I have not been able to configure Micromax Router MMX 440W to set up WiFi hotspot for Airtel 3G Dongle based on Huawei Model E3531s-1. Thanks in advance.


----------



## TechnoBOY (Sep 20, 2014)

esveepee said:


> I have not been able to configure Micromax Router MMX 440W to set up WiFi hotspot for Airtel 3G Dongle based on Huawei Model E3531s-1. Thanks in advance.
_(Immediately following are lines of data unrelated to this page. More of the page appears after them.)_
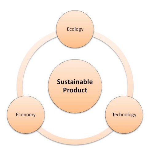
Figure 12. Three elements to support the sustainable product.

to have a lot of bamboo material resources and ecosystem [92]. Bamboo has roots that spread underground in all directions; land turned into solid and protects us from landslides and earthquakes by heavy rains. This means that the stand of bamboo should be treated as common ground for the public community. Economic trade market incomes only concern about the cost of production, otherwise cost disposable products used completely overlooked. This is one of the main reasons why the serious problem of waste disposal and environmental disruption has been caused recently.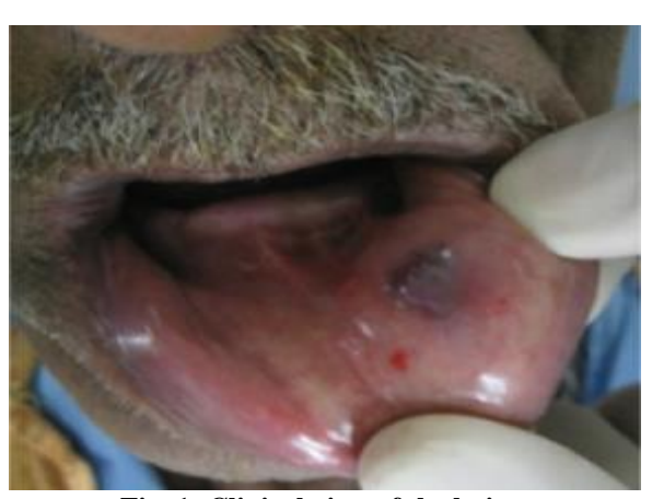
Fig. 1: Clinical view of the lesion

A 60 year old male patient reported to the department with a chief complaint of growth and bleeding from the left side of the lower lip since 15-20 days. Patient gives history of excision of same growth around one and half month backusing laser. At the initial consultation, the patient had a good general condition with normal vital signs. (Fig. 1)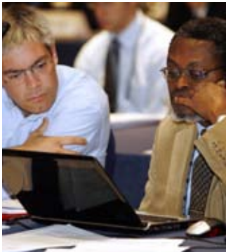
2 nd TFAMR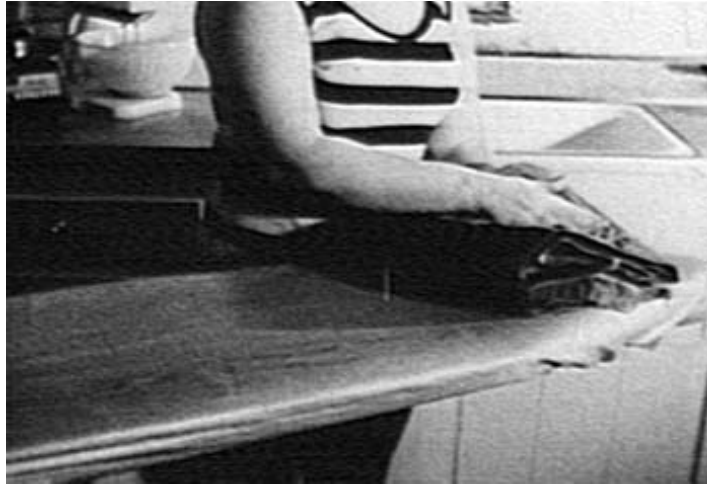
The Woman's Film (1971)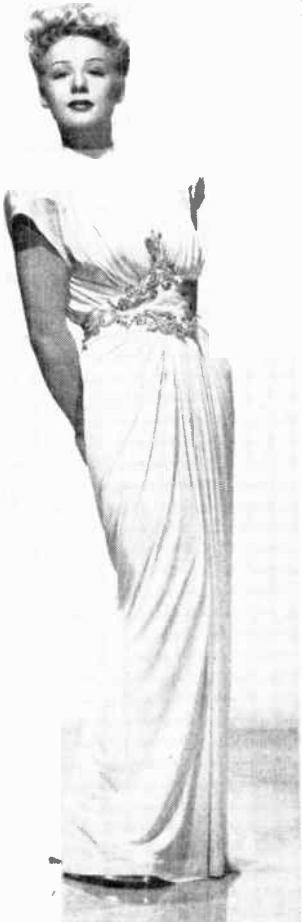
Here's one good reason why you should see Betty Hutton in "Stork Club."

Betty Hutton has signed an exclusive recording contract with RCA VICTOR and will soon cut her first platters. Miss Hutton's first release may be out by the time you read this. The popular motion picture star has made several hit disks in the past and is easily one of the great favorites of the day. Her last picture for Paramount is "Stork Club" and it is proving to be her most successful flicker to date. Her next is a comedy-drama called "Cross My Heart" with Sonny Tufts. It's set for late July release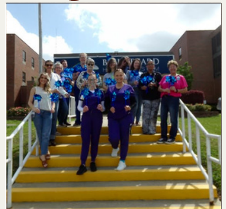
Beauregard Health Systems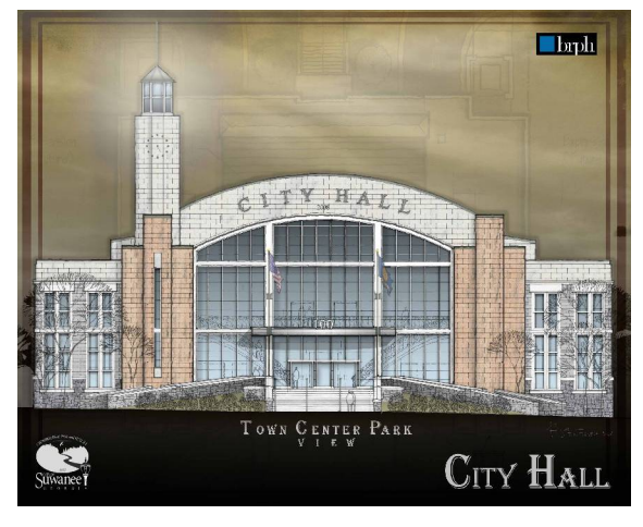
Architect Drawing of the New City Hall

Like many Gwinnett County communities, Suwanee began as a small agricultural town with strong ties to the railroad. Today, the City works hard to retain its charm and sense of neighborliness and to manage growth in smart, innovative ways. Suwanee is committed to revitalizing its historic area while creating the new commercial Town Center, providing outstanding services to citizens and businesses, revitalizing the I-85/Suwanee Gateway area, and fostering a true sense of community.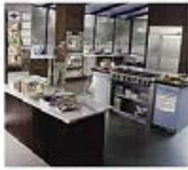
MARTHA ROSLER (American, born 1943) Election (Lynndie) , from "House Beautiful: Bringing the War Home, New Series" 2004 Photomontage 20 x 24" (50.8 x 61 cm)

MoMA PS1, November 03, 2019 - March 01, 2020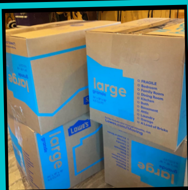
Heading our way!

Sneak Peak Next Issue: Halloween Costume Winners and Raffle winners announced and Christmas Shopping tips for our young riders.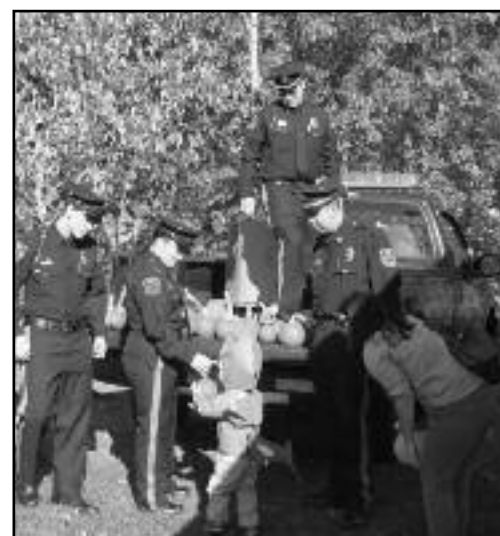
(above) The Long Hill Police Explorers hand out sugar pumpkins to all participants in costume. Pumpkins and goodie bags donated by Hillview Farm of Meyersville.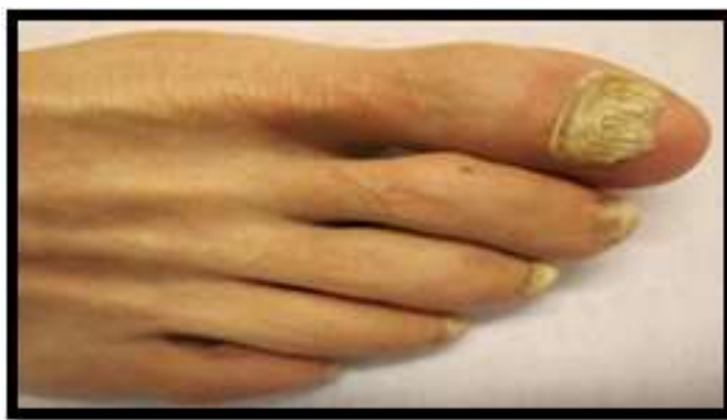
Fig No: 02 onychomycosis

One-third of integumentary fungal infections and half of all nail diseases have been linked to onychomycosis. The fungus that has infected your nail can potentially spread to other parts of your body and possibly to other people. Onychomycosis is more than just a cosmetic issue, despite the fact that those who have it are typically ashamed of their disfigured nails. Due to their limitations on mobility, these infections may impede peripheral blood flow, aggravating already severe diseases including venous stasis and diabetic foot ulcers. [12]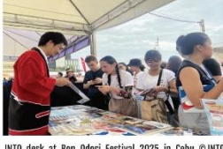
JNTO desk at Bon Odori Festival 2025 in Cebu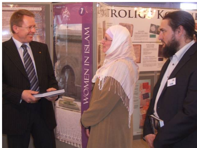
The opening was attended by the Deputy Governor of Tromsø ...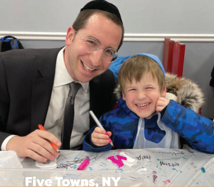
Five Towns, NY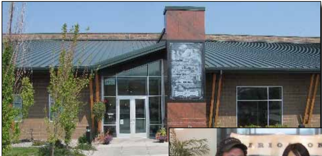
This is Mario & Sons near Liberty Lake WA. Many thanks to them for their generosity.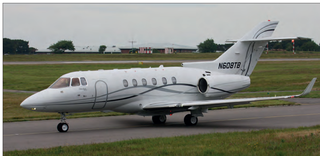
Hawker 900XP N608TB (HA-140) departing Guernsey on 18th June 2019 on delivery to the USA following its change of marks from G-SCPJ.

205 N429JS rereg'd N29JW , Schussboomer Systems Inc, WA. 6.19 235 N250EA marks N120RC are reserved. 7.19 260 N150HM marks N175MG are reserved. 6.19 300 OE-GKA returned to Koln-Bonn 18.3.18 following its fatal incident in Finland two months earlier [see ABN 2.18]. Flew Koln-Bonn → Luton → Keflavik 6-7.6.19 on ferry to Dallas/Love Field, where it arrived 8.6.19.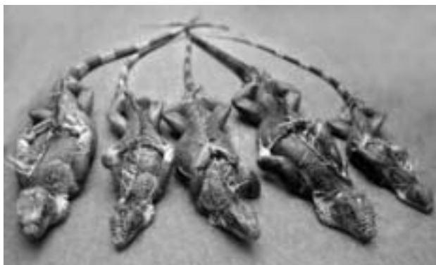
Green Iguanas still appear regularly at Central American markets.

Usually a captured specimen offers no resistance. If it is released and teased, it sometimes puts up quite a show of angry defense. Some of my men once caught and released an iguana, unknown to me. I came upon it, thinking it a wild one, and when I got close enough, it lashed out with its tail, striking me on the side of my thigh between the knee and hip. It raised a welt which lasted several hours. It also threatened to bite. I took it into a cabin and thrust a broom at it. The lizard struck at the broom with his tail, then bit at it savagely, taking off part of the straw. Another specimen, trussed up in the usual Panamanian manner, managed to get its front legs loose and bruised one of my companions arms with its tail. Wounded specimens are much more likely to fight than uninjured ones. Some natives claim they can make a good account of themselves with a small dog.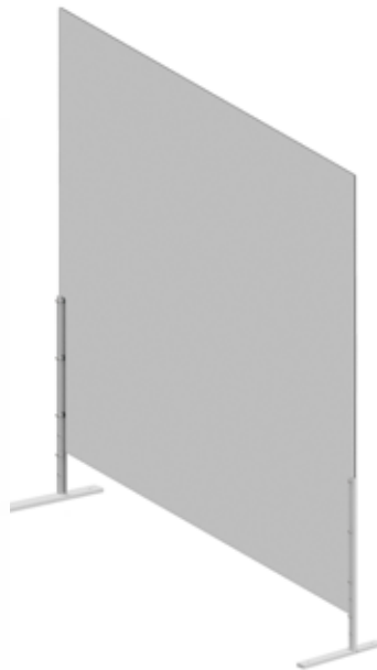
Plexi Size WxHxD 50cm x 75cm x 4mm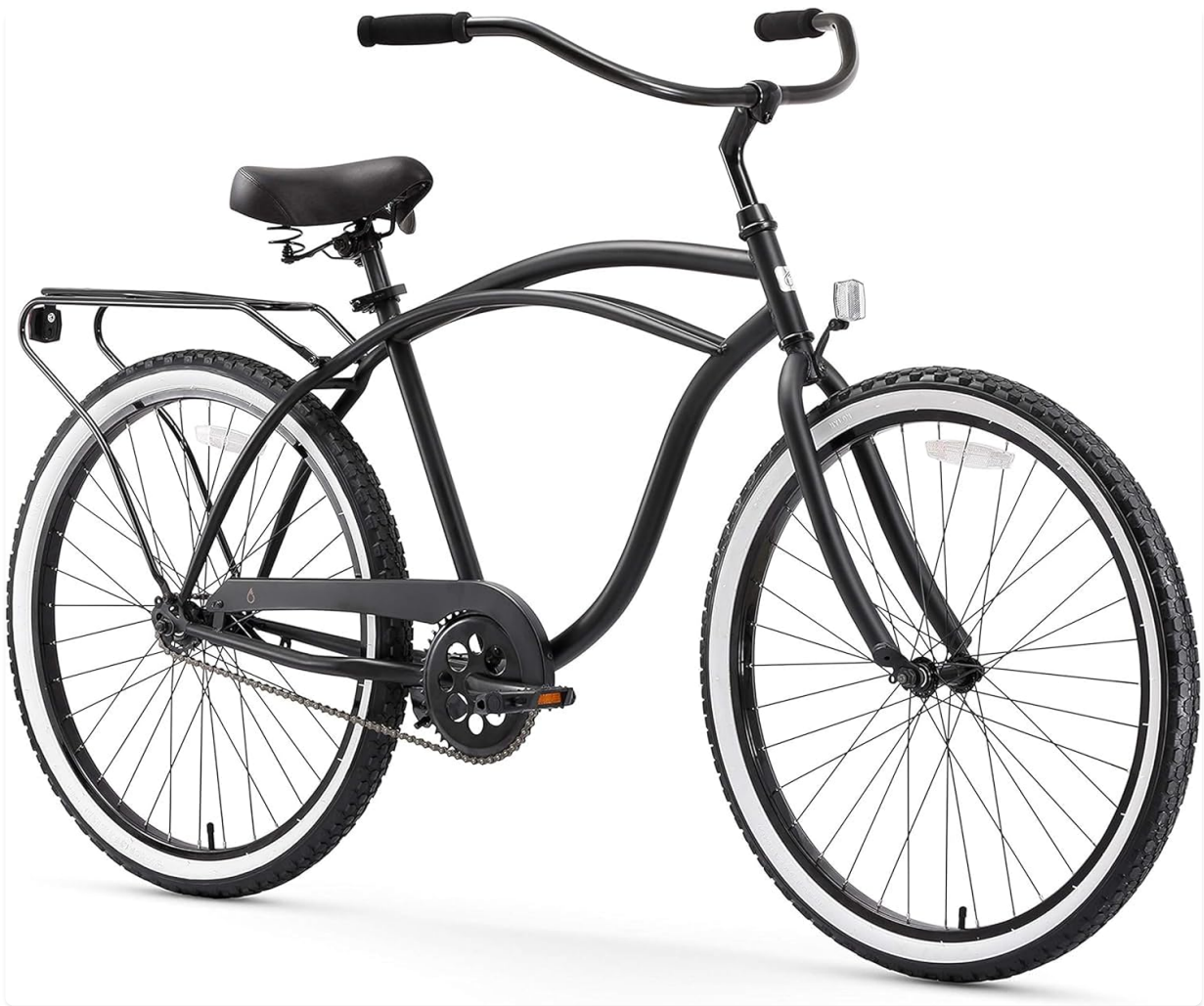
Image: The sixthreezero Around The Block Men's Beach Cruiser Bike, matte black with white wall tires.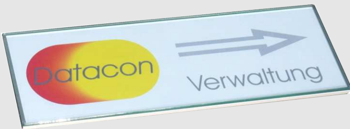
DIN A4 1/2 / 297 x 105 mm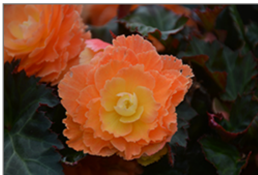
I'Conia Miss Miami Begonia flowers

You asked it here also!*www.digit.in/forum/networking/142086-all-usb-evdo-hsdpa-3-5g-data-cards-modems-queries-here-10.html


Create Wi-Fi via Data card
You can use your Internet connected data card to create a Wi-Fi 
hotspot which can be accessed by various Wi-Fi devices.
To enable Wi-Fi via a data card:
1. Switch on the device;
2. Plug in the Internet enabled data card to the USB socket 
3. Push the power button up to start the MMX440W in 
router/Wi-Fi mode (R-position).
3. Search and access the Wi-Fi from your PC/handset/tablet etc.
You may be required to provide the authentication details.
Note: The Wi-Fi name which will displayed to the user will be 
MMX440W-last 4 digits of the MAC address of that particular 
device: For example MMX440W-2F12). The default password to 
access the Wi-fi is 12345678. Once connected, you can start 
Browsing the net.


----------



## severus.banerjee (May 30, 2015)

Hi ,

Can anyone please help me with a similar problem? I am using SITI Broadband Internet connection and I am unable to set up a Wi-Fi hotspot using Micromax MMX440W device. Since , for this internet connection IP address is not resolved automatically I need to harcode a IP address in the device. 
Can anyone please tell me how to do that?
Regards


----------